■ YOUR OBJECTIVE: Please transcribe the listing below in full and word for word, without its pictures.

■ RECORDS SHOWN:
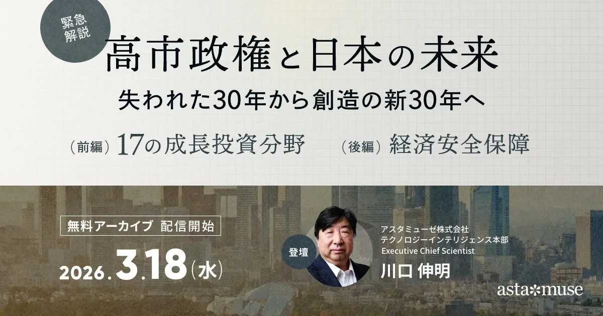 アスタミューゼ株式会社が2026年2月に実施したウェビナー『高市政権と日本の未来』が、2026年3月18日からアーカイブ配信されることとなりました。このウェビナーでは「17の成長投資分野」と「経済安全保障」というテーマについて、同社のExecutive Chief Scientistである川口伸明が詳しく解説しています。
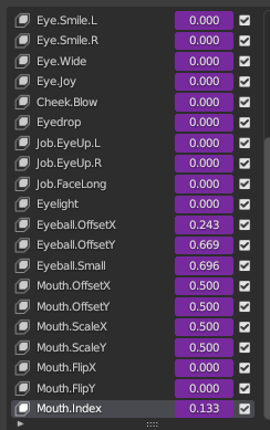 또한 얼굴은 캐릭터마다 미묘하게 다르기 때문에, 이에 대한 성형키도 필요하다.
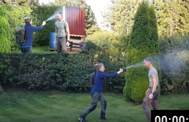 Az alábbi videóban látható egy humán teszt hatása egy ilyen, Bodyguard fantázianevű, terítő szórófejes mentol-spray-vel, melyben kb. 1 méterről fúj a hölgy, a hatótáv kb. 1,5-2 méter. Látható, hogy az 1 másodpercnél rövidebb találat hatására kb. 30 másodpercre harcképtelenné vált a “támadó”, így ha nem csak játszadoztak volna, bőven lett volna ideje a megtámadottnak elmenekülni/fizikai erőszakot alkalmazni.
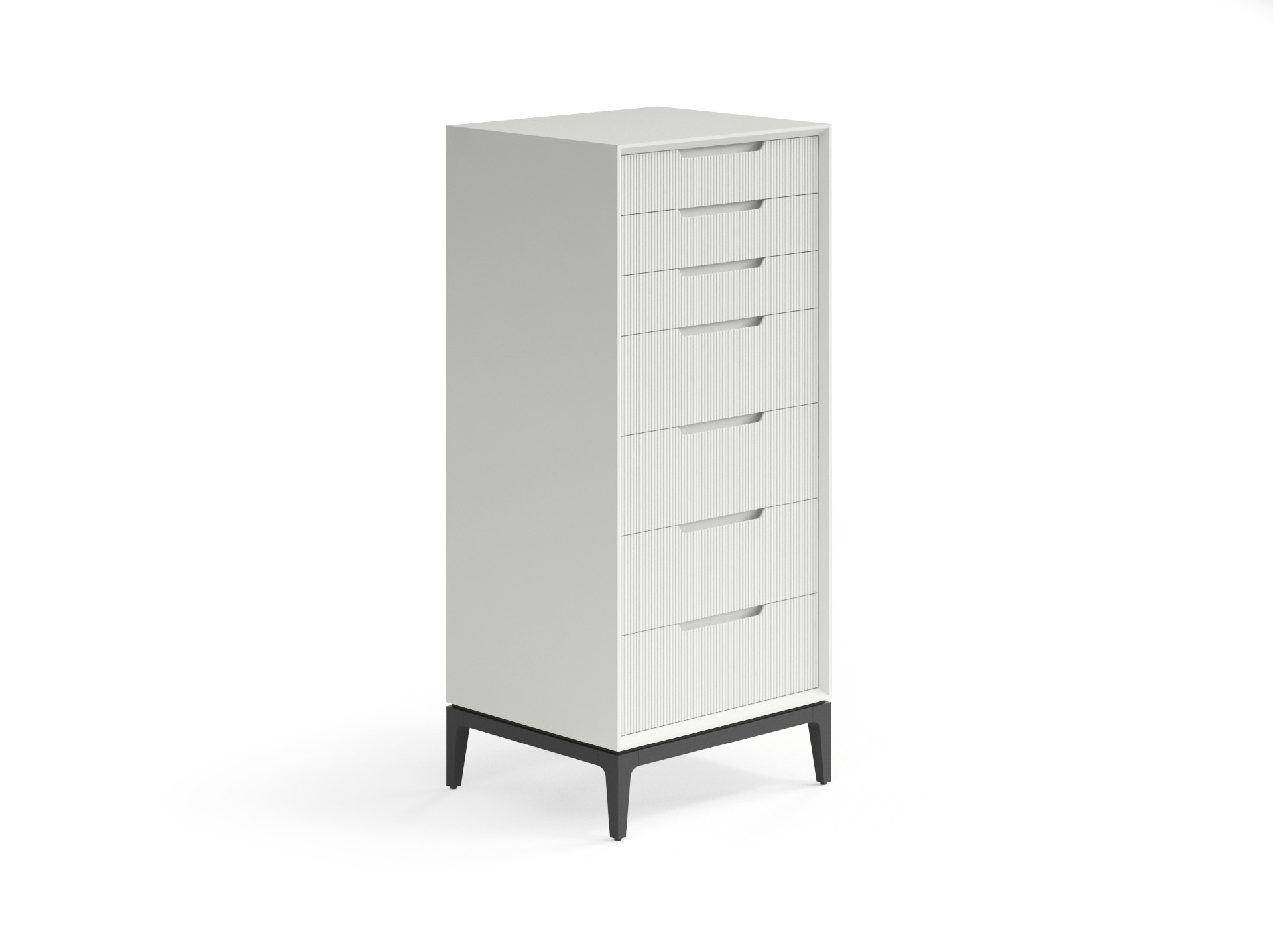 Изделие лаконичной формы внесёт в пространство спокойствие и надёжность, а рельефная фрезеровка на фасаде добавит индивидуальность. Благодаря скрытым направляющим выдвижных ящиков вид изделия остаётся безупречным всё время пользования. Количество циклов открывания и закрывания — 80 000. Это значит, что если вы будете пользоваться комодом дважды в день, изделие будет оставаться в идеальном рабочем состоянии и радовать вас примерно 55 лет.
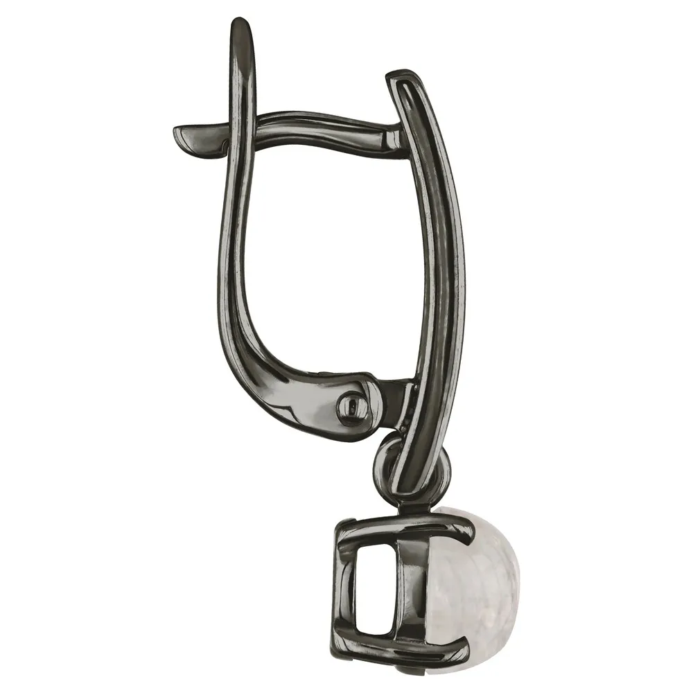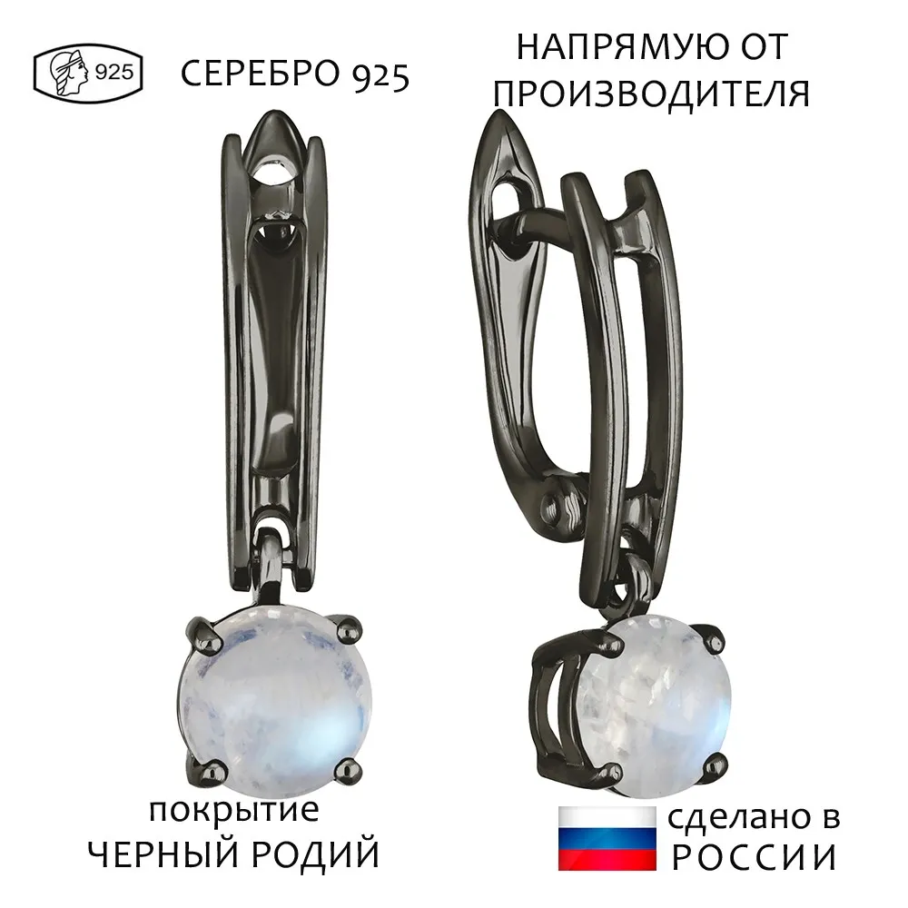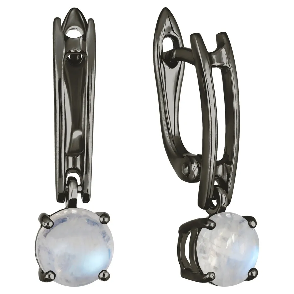 Серебряные серьги с натуральным лунным камнем (каб.) - коллекция Классик (мини) / Черный Родий.
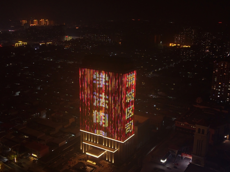 作为满城区中山东路核心地段的新地标,寰球国际总建筑面积6.385万平方米,主楼高达24层,集餐饮、会议、住宿等多功能于一体,日常人流量大、视觉覆盖面广。满城区司法局精准把握地标建筑的宣传优势,会同忠政民商事调解中心创新推出“楼体光影普法”模式,将法治宣传与城市地标有机融合。
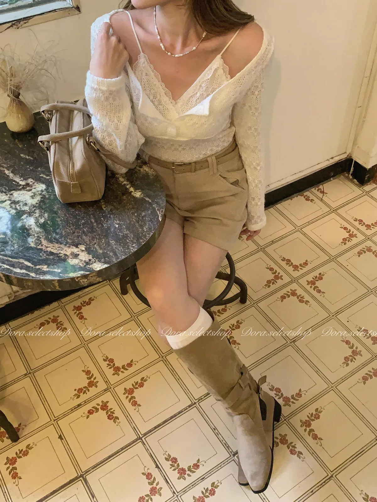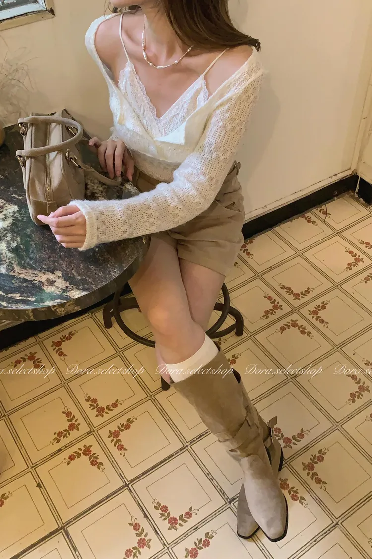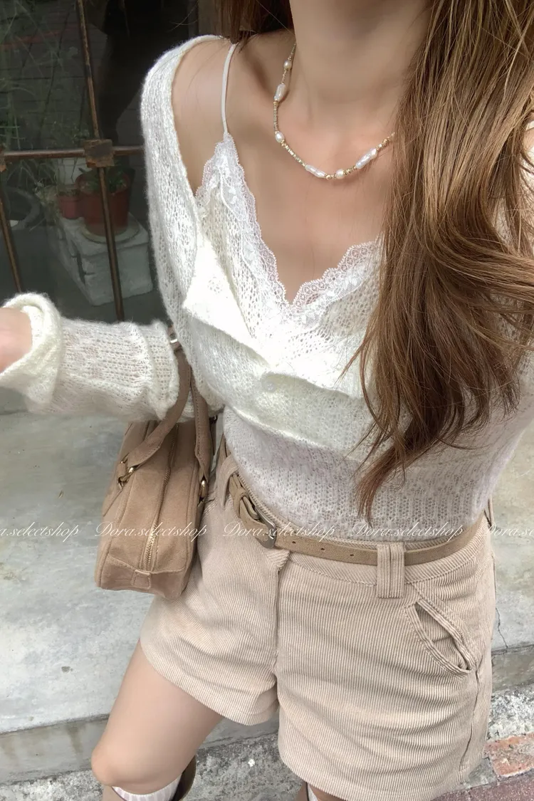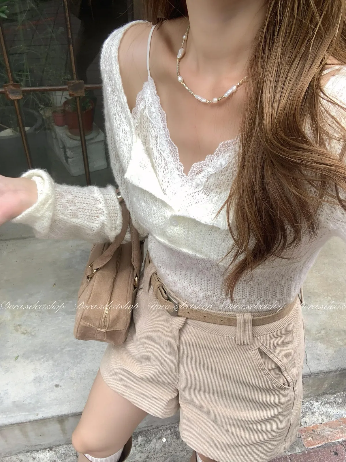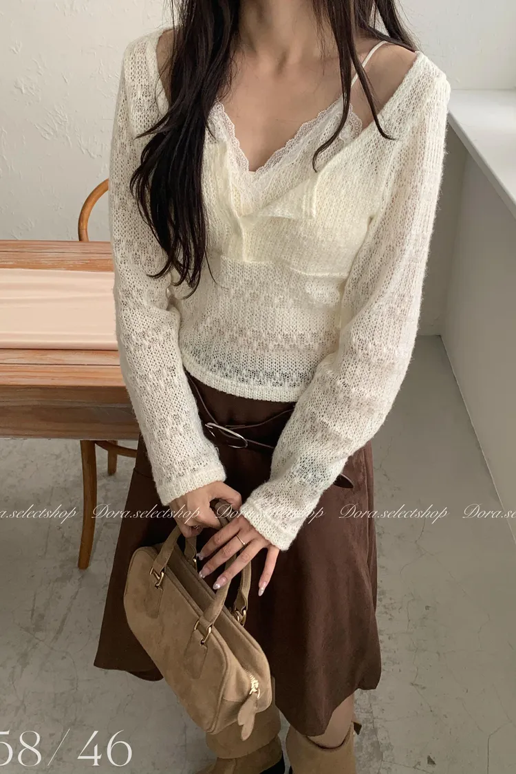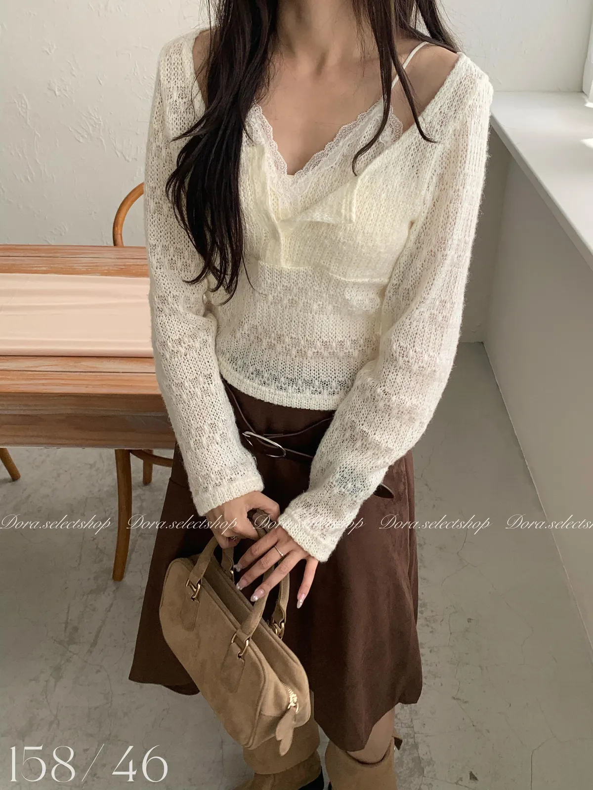 🇰🇷性感浪漫兼具假兩件蕾絲針織上衣---米白

■ RESPONSE:
 アスタミューゼ株式会社が2026年2月に実施したウェビナー『高市政権と日本の未来』が、2026年3月18日からアーカイブ配信されることとなりました。このウェビナーでは「17の成長投資分野」と「経済安全保障」というテーマについて、同社のExecutive Chief Scientistである川口伸明が詳しく解説しています。
 또한 얼굴은 캐릭터마다 미묘하게 다르기 때문에, 이에 대한 성형키도 필요하다.
 Az alábbi videóban látható egy humán teszt hatása egy ilyen, Bodyguard fantázianevű, terítő szórófejes mentol-spray-vel, melyben kb. 1 méterről fúj a hölgy, a hatótáv kb. 1,5-2 méter. Látható, hogy az 1 másodpercnél rövidebb találat hatására kb. 30 másodpercre harcképtelenné vált a “támadó”, így ha nem csak játszadoztak volna, bőven lett volna ideje a megtámadottnak elmenekülni/fizikai erőszakot alkalmazni.
 Изделие лаконичной формы внесёт в пространство спокойствие и надёжность, а рельефная фрезеровка на фасаде добавит индивидуальность. Благодаря скрытым направляющим выдвижных ящиков вид изделия остаётся безупречным всё время пользования. Количество циклов открывания и закрывания — 80 000. Это значит, что если вы будете пользоваться комодом дважды в день, изделие будет оставаться в идеальном рабочем состоянии и радовать вас примерно 55 лет.
 Серебряные серьги с натуральным лунным камнем (каб.) - коллекция Классик (мини) / Черный Родий.
 作为满城区中山东路核心地段的新地标,寰球国际总建筑面积6.385万平方米,主楼高达24层,集餐饮、会议、住宿等多功能于一体,日常人流量大、视觉覆盖面广。满城区司法局精准把握地标建筑的宣传优势,会同忠政民商事调解中心创新推出“楼体光影普法”模式,将法治宣传与城市地标有机融合。
 🇰🇷性感浪漫兼具假兩件蕾絲針織上衣---米白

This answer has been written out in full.